Data extract
BEGIN
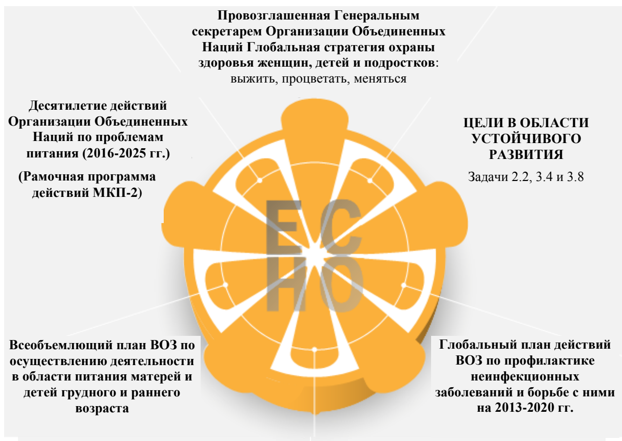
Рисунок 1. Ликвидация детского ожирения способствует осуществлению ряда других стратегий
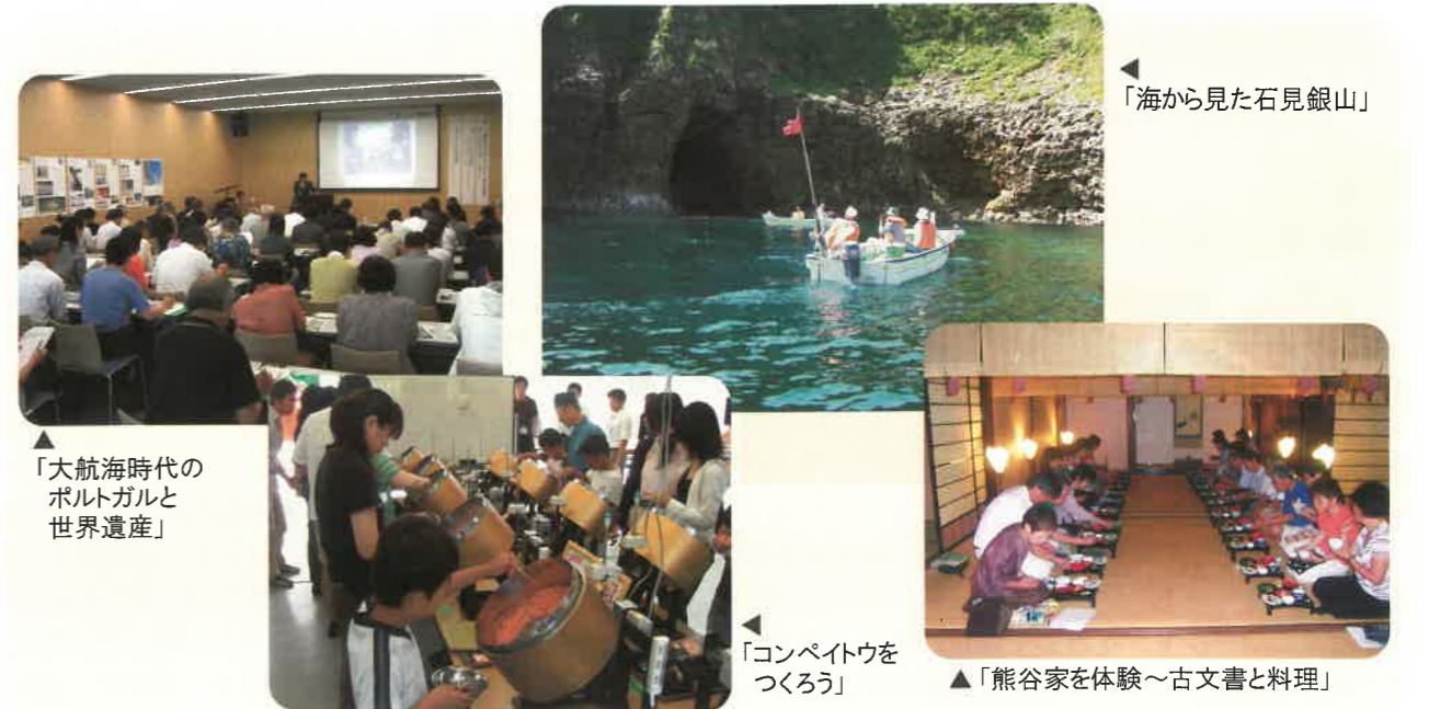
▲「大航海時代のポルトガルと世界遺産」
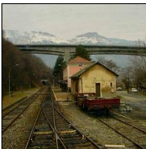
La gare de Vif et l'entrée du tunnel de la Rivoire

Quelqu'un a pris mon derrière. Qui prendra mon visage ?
END
Task statement
Restate all of the material above word for word, excluding the pictures.

Written solution
Рисунок 1. Ликвидация детского ожирения способствует осуществлению ряда других стратегий
▲「大航海時代のポルトガルと世界遺産」
La gare de Vif et l'entrée du tunnel de la Rivoire

Quelqu'un a pris mon derrière. Qui prendra mon visage ?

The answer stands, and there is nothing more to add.